Fresh produce is a staple of the fair. EMILY PINETTE/THE BATES STUDENT

Fresh produce is a staple of the fair. EMILY PINETTE/THE BATES STUDENT

Katie Stevenson ’17 samples cheese from Fredrikson Farmstead. EMILY PINETTE/THE BATES STUDENT

Katie Stevenson ’17 samples cheese from Fredrikson Farmstead. EMILY PINETTE/THE BATES STUDENT

The Common Ground Fair features a vairety of farm animals. EMILY PINETTE/THE BATES STUDENT

The Common Ground Fair features a vairety of farm animals. EMILY PINETTE/THE BATES STUDENT

This weekend marked the 40th annual Common Ground Fair in Unity, Maine, a must-see fall attraction for those in the 207 area. Every year the fair pulls out all the stops to provide a fun and educational experience for visitors and vendors alike.

Unity is a little over an hour drive from Bates’ campus. The ride itself is lovely; you get to see beautiful Maine landscapes, including the changing fall foliage. The fair has free parking but charges $15 for admission, which is waived for members of the Maine Organic Farmers and Gardeners Association.

You’ll definitely get your money’s worth at Common Ground. I was there for three hours, up until 6 o’clock when the fair closed and everyone was herded out. Even with all that time, I still didn’t get to see everything there. I would definitely recommend going earlier in the day so you have more time to explore.

Another recommendation: bring cash and an empty stomach. There are free samples everywhere, from homegrown cheese to maple syrup to hot chocolate. Then there are the actual food tents. This isn’t your typical fair food. You can choose from crab rolls, ravioli, tofu fries, tacos and so much more, all for pretty reasonable prices. Having money on hand is also helpful when perusing the various art stands and craft tents. Jewelry, paintings and of course, alpaca wool – in the form of hats, blankets, scarves and pillows – are just a few of the items offered by vendors. Some take credit cards, some don’t, so play it safe and bring a couple bucks.

There are also farm stands throughout the fair, manned by actual workers who love to talk about their produce. You’ll see blueberries, apple cider, potpourri, flower crowns, raw honey, pumpkins, fresh milk, organic veggies and so much more. Want to give gardening a try? There’s a pick your own veggies tent.

For a more hands-on approach, check out the folk art tent. There, you can get lessons on building shelters in woods, making fire from sticks, chopping wood and identifying animal tracks just to name a few. These vendors know a lot about what they do, and will gladly answer any and all questions you have.

The social justice action tent is especially awesome. With tables from Planned Parenthood, gun control lobbyists and even several promoting the legalization of reefer, you are bound to find a cause that is up your alley. This gives you an opportunity to volunteer for organizations you are passionate about.

My favorite part was definitely the animals who attended common ground. Llamas, alpacas, sheep, goats and bunnies were the true stars of the show.

Throughout the day, live music is playing in various venues including the amphitheater and stages in tents.

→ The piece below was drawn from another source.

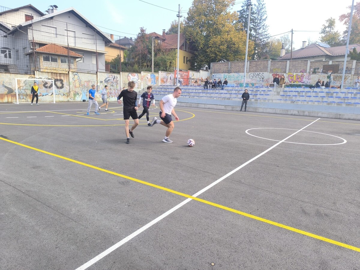 • Na rukometnom igralištu učenici su odigrali utakmicu iz malog nogometa gdje su pobijedili učenici prve smjene.

Muddy Ruckus made an appearance on Friday, while The Oshima Brothers played on Saturday.

Here is a brief rundown of what not to miss next year.

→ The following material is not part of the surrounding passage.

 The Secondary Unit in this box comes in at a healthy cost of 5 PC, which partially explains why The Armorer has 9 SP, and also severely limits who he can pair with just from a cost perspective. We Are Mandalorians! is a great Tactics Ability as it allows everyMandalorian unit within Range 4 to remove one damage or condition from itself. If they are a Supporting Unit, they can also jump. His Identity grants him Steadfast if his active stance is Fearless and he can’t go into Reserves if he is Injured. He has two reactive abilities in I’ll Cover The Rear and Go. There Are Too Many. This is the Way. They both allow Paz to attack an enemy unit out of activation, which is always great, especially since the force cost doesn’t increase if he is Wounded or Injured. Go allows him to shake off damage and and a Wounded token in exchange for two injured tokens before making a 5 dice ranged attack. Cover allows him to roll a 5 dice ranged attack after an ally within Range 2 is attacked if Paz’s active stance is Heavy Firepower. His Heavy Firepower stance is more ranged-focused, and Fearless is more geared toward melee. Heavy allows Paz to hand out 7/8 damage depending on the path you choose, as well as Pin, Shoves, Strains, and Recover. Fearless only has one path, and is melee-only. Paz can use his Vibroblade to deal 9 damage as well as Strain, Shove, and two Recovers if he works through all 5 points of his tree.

Best Tent: Herbal Revolution Farm & Apothecary, which offered herbal tonics and elixirs, including a “sensually invigorating” potion called “Chocolate Love.” (Note: I sampled Chocolate Love and did not feel sensually invigorated. Perhaps I did not try enough of it.) Herbal Revolution was the winner of this year’s Best Display Award.

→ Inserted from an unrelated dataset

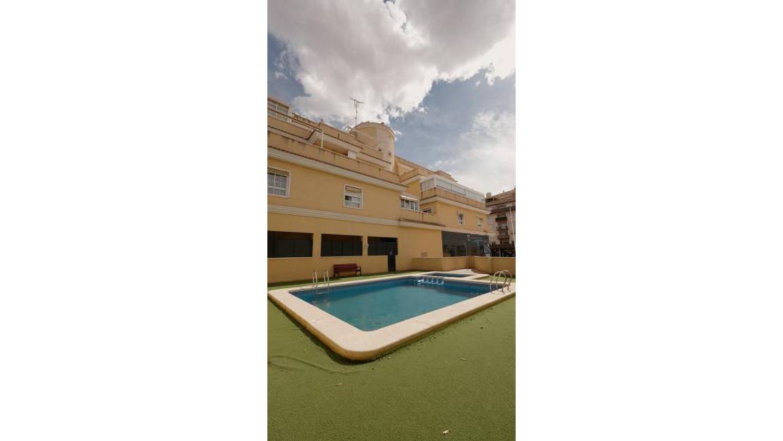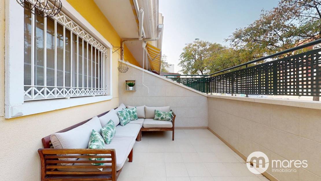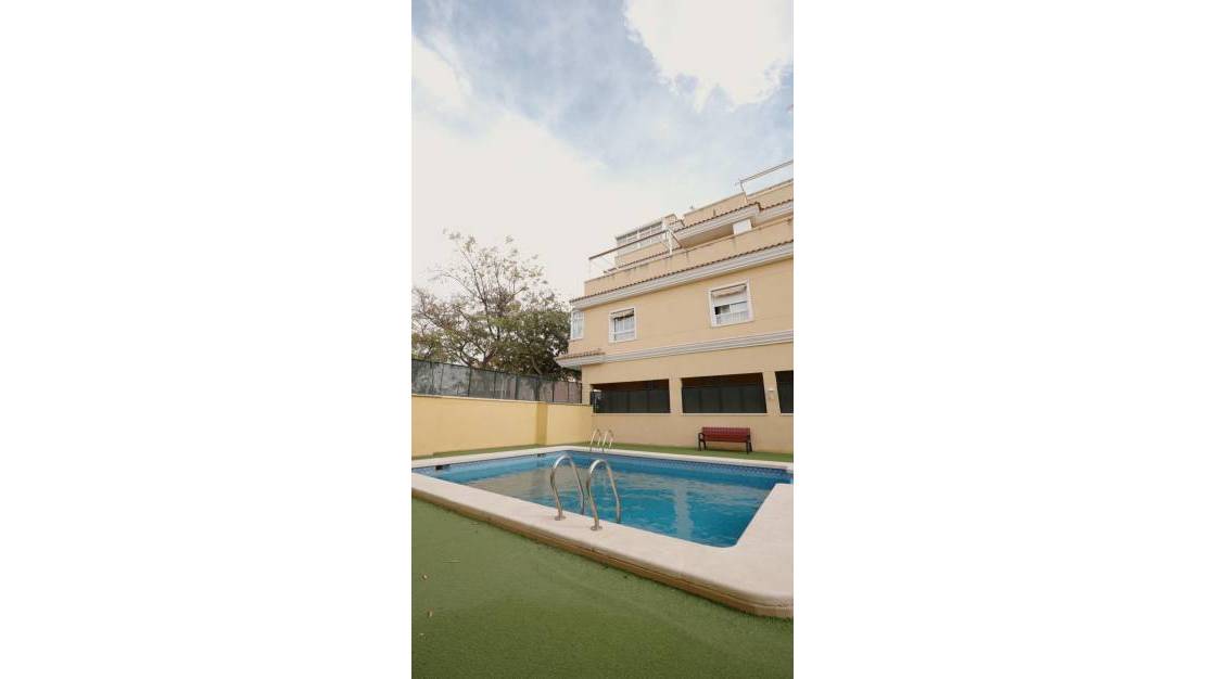 Descubre este espectacular bungalow ubicado en la codiciada zona junto al campo de fútbol de Elche, dentro de una exclusiva urbanización que ofrece piscina comunitaria para disfrutar del sol.

Softest Animal: Aztec the llama, who was an impressive 21 years old, and definitely posed in our selfie together.

Most WTF Moment: In the Blacksmith Tent, one of the vendors asked me what’s the first thing you should do when dropped off in the wilderness if you are on the show Naked and Afraid. My answer: I would not go on that show. The correct answer: Make shoes. The more you know…

Coolest Artwork: The giant fold-out posters by the Beehive Design Collective. Their art is all inspired by anti-globalization and global justice movements. The Mesoamerica Resiste piece stretched 34″ by 68″, and it was breathtaking.

Mandatory fall activities at Bates includes apple-picking, pumpkin-carving and eating lots of candy. Be sure to add attending the Common Ground Fair to future excursions.